INFORMATION PROVIDED.
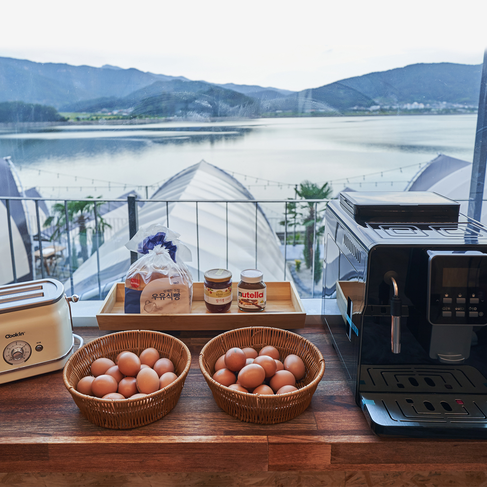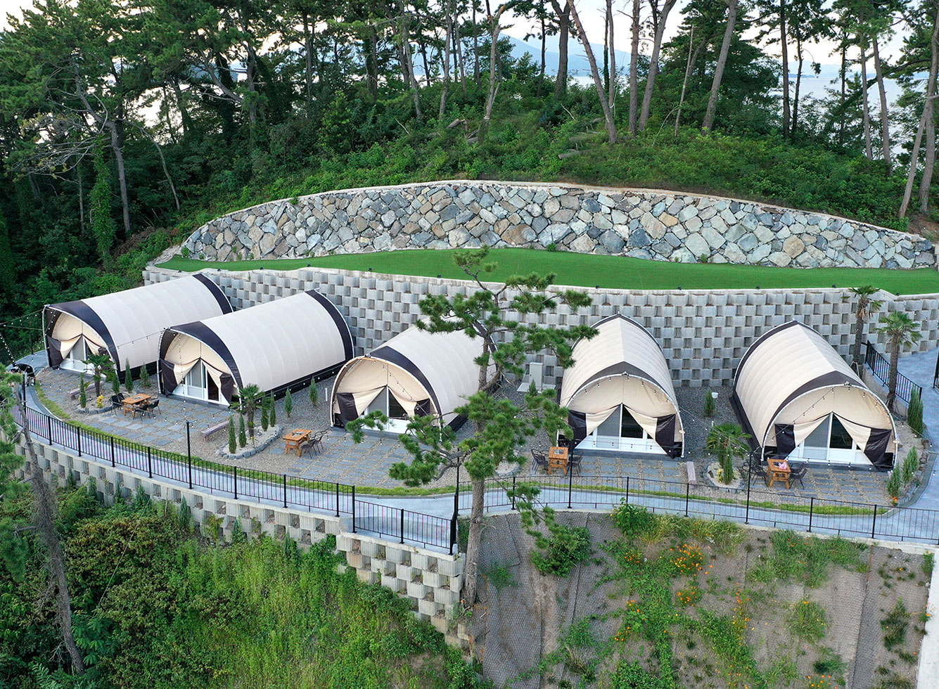 블루모어 글램핑 리조트의 숙소는 넓은 공간과 호텔급 침구류,
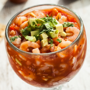 Coctel de camaron hecho con las salsa especial de la casa acompañado de agucate, cebolla,
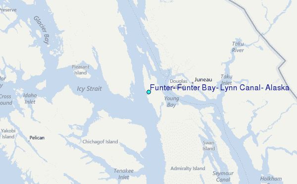 Use this relief map to navigate to tide stations, surf breaks and cities that are in the area of Funter, Funter Bay, Lynn Canal, Alaska.

THE TASK. Please repeat the listing precisely, excluding the pictures it contains.

TASK SOLUTION.
 블루모어 글램핑 리조트의 숙소는 넓은 공간과 호텔급 침구류,
 Coctel de camaron hecho con las salsa especial de la casa acompañado de agucate, cebolla,
 Use this relief map to navigate to tide stations, surf breaks and cities that are in the area of Funter, Funter Bay, Lynn Canal, Alaska.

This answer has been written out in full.